The Difficulty of Discernment

Background image by George Desipris, via Pexels

I’ve been wrestling a lot lately with the “prophetic” part of the baptismal call: priest, PROPHET, king. Like many people, until I was well into adulthood I had a wrong understanding of what it means to be a prophet. Prophecy was never about predicting the future. It was about speaking for God. Isaiah, Ezekiel, Jeremiah et al called out leaders, cultural institutions, and members of the culture for behaviors and attitudes that stood in opposition to the covenant they’d sworn to uphold.

Of course, no one likes being called out, so prophets often ended up exiled or stoned to death or beheaded (like John the Baptist). But it didn’t change the fact that they were speaking truth to power, whether anybody ever changed or not.

It’s hard to discern this call in modern life. The world is so noisy, and people speak what they believe to be “truth” with great volume and varying justification. I’ve been in far too many debates lately, and the people other side of these debates are absolutely convinced that they are the ones speaking truth and I am misguided, while I believe to the depths of my bones that it’s exactly the opposite.

Both of us can’t be right.

It’s difficult to discern when to speak and when to let someone else have the last word. My husband says, “They’re never going to change their minds. Quit arguing. Just scroll by.” But I say, “These are things that doesn’t even stand up under the weight of critical thinking and reason, let alone the faith. If we don’t speak the truth, we cede the battlefield to the devil.”

These days I bring everything back to its essence: “This post/argument/belief is inconsistent with the Gospel.” We’ve been blurring the lines between faith and politics so long, we often don’t even recognize that some of the most passionately-held opinions in Religious World have nothing whatsoever to do with the Gospel, and are, in some cases, contrary to it. I understand it, because I lived it until I was more than thirty years old. It was a hard thing, requiring a lot of humility and prayer, to allow myself to change. It only happened because the reality of parenting a child with a developmental disability put me nose to nose with inconvenient truths I had, until then, been able to ignore.

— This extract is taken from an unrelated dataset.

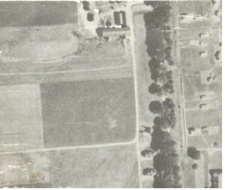 Along the top of this 1926 aerial photo is seen the southern portion of John Kirsch's farm, along the west side of Brewerton Road. Prominently shown is the large 100' by 40' barn that was built in 1923 for $20,000. At midnight on the evening of Sunday, July 31, 1927 the barn was destroyed by a suspicious fire [1927-08-01]. In the lower right hand corner of this picture a portion of Frank Matty's double barn can be seen. Over the years it was host to many political, school and social functions. Until they had a building of their own the Mattydale Volunteer Fire Department occupied the northern half of the large barn.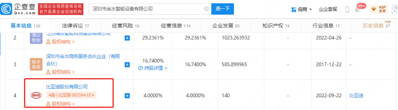 智通财经APP获悉,企查查APP显示,近日,深圳市尚水智能设备有限公司(下称:尚水智能)发生工商变更,新增比亚迪(002594)等为股东。

It’s very uncomfortable to envision oneself in a prophetic role. Who am I to do this? How can I be sure I’m actually speaking what God wants said? What if I’m wrong?

Except… the sea change in my world view has been so tightly woven into my spiritual growth, I don’t see how it could be wrong. I’ve been praying too long, too fervently, and too consistently for discernment, for wisdom, for clarity, for God’s will, and for God to keep me on the path of that will, whatever it is. There’s no way God would have allowed me to continue on a totally erroneous path. If I were wrong, God would have put me face to face with other inconvenient truths I couldn’t avoid, to make it clear I needed to detour. Instead, the epiphanies of the last decade or two keep being confirmed.

I’m afraid of breaking relationships. I’m afraid of going too far and abandoning God’s path in the opposite direction. I’m afraid of speaking the right thing in the wrong way and doing more harm than good. I’m afraid of failing altogether when the stakes are so high. Most of all, I’m worn out by the battle. I know in the end, God will sort it out, that “success is not the prize” as Rory Cooney wrote. But it’s hard to stand in the maelstrom and wonder if I’m being egotistical for thinking I’m meant to be in it at all.